Furthermore, in cases where generated code is available, the code view of embodiments of the present invention allows the user or system developer to edit the generated source code directly, since an actual source editor is being used in the Code View facade. This keeps all changes automatically synchronized between the existing generated code and the model. In cases of C++ editing, where generated code is used in the Code View of embodiments of the invention, the user typically will have access to all library functions (e.g., operating system or third party libraries) that have been included into their generated files, thereby increasing productivity of MDD system developers.
[00191 In addition, and with reference to FIG. 1, as the editors may be encapsulated in a view, the element selection on the diagram will not be lost, and, thus, users may be able to simultaneously use the "Properties View" 100 (FIG. IA) of the selected element (e.g., to find any internal data that may be needed for writing the code fragments), while writing the code fragment at the same time in the element being edited, as shown in the Code View 102 (FIG.
1 B), which is displayed simultaneously with the Properties View 100. Using a docked editor does not accomplish this, as once selection goes to a standard editor, the Properties View 100 will "blank" itself, as the selection (the editor) is no longer supported.
[00201 In an embodiment of the present invention, there are several architectural components utilized. One is the Code View 102, which is responsible for the user interface of displaying the element being edited. For example, the Code View may contain a title bar describing what is being edited, a tab pane in the event that multiple sub elements are edited based on a selected element (e.g., a "State" has "Entry," "Do," and "Exit" behaviors that can be edited).

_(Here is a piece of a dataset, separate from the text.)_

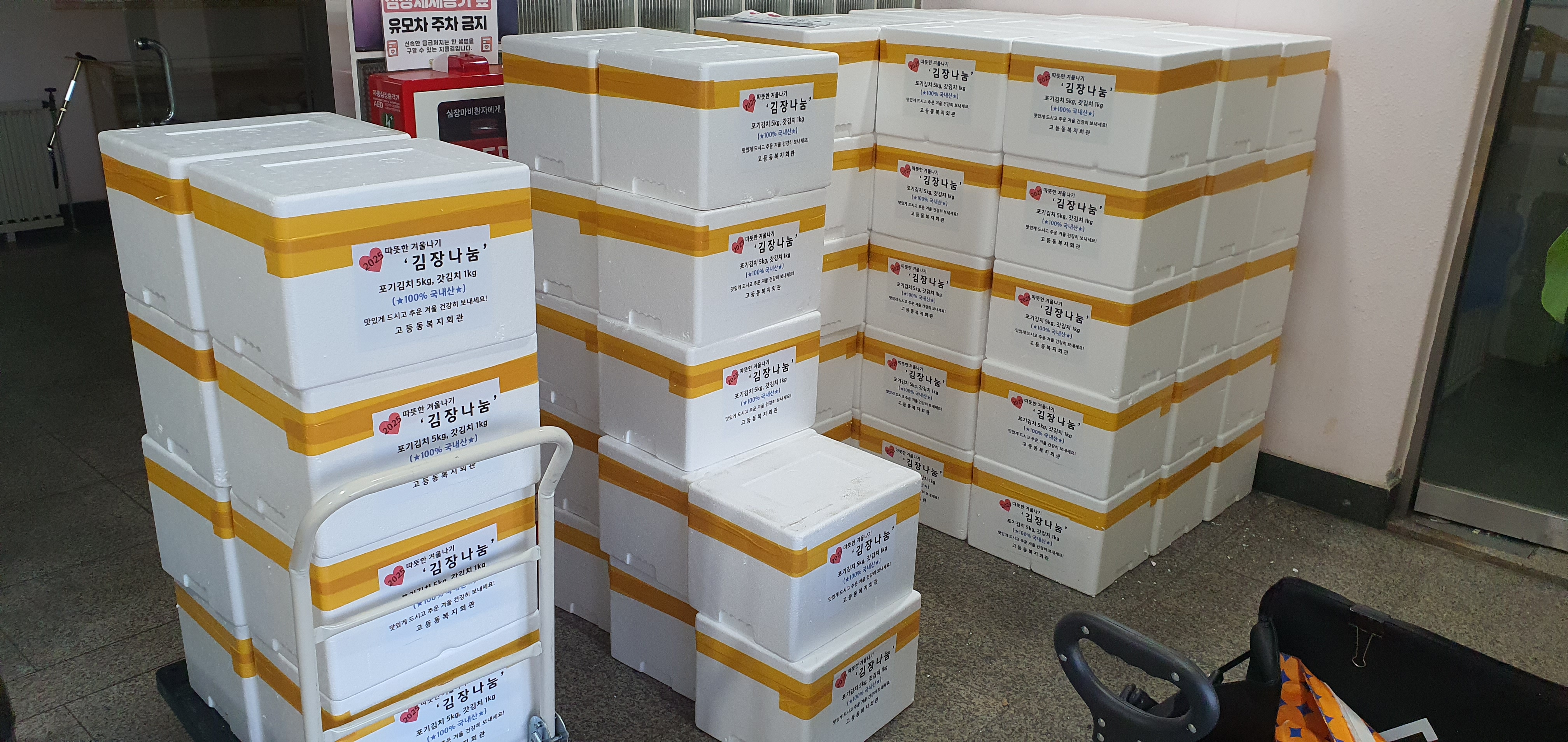 눈이 오는 12월에 따뜻한 겨울나기 '김장나눔' 행사를 진행했습니다! 이번 김장나눔 행사는 포기김치와 갓김치 2종류의 김치를 전달드렸는데요~ 어르신들이 맛있게 드시고, 추운 겨울 따뜻하고 건강하게 지내시기를 바랍니다.

The Code View 102 also displays the nested native editor located therein. The Code View 102 keeps a registry of known languages (e.g., Java, C++, etc.) and their respective rich native editors.
The Code View 102 may listen to the selection service and respond to the selection changes of the user or system developer.
The Code View 102 may typically be generic.
[0021] Another architectural component in the Code View framework of an embodiment of the present invention is the UpdateEditorEvent. The event class is responsible for containing all of the required data that the Code View 102 will need to initialize itself correctly. For example, what language is to be used, what is the editor input to display, what is the title to display, how does the user create, modify or delete the element based on the final code snippet when it is saved, and are there any user messages to display (e.g., why an element is not editable). In an embodiment, the UpdateEditorEvent may have a generic implementation, but it may be specialized by each application if extra functionality is required.
[0022] Another architectural component in the Code View framework of an embodiment of the present invention is the EventManager, which is responsible for creating the UpdateEditorEvents that are passed to the Code View 102. The EventManager may be application specific and is typically implemented by users who desire to make use of the Code View functionality. Thus, typically a plurality of EventManagers exists. The EventManagers may, although not necessarily, each correspond to a language supported by the Code View framework of embodiments of the present invention, depending upon the user's needs. That is, the plurality of EventManagers exists, one for each application domain that a user desires to support code augmentation of the model/workspace elements. FIG. 2 is a simplified class diagram 200 of the aforementioned architectural components of an embodiment of the Code View framework of the present invention.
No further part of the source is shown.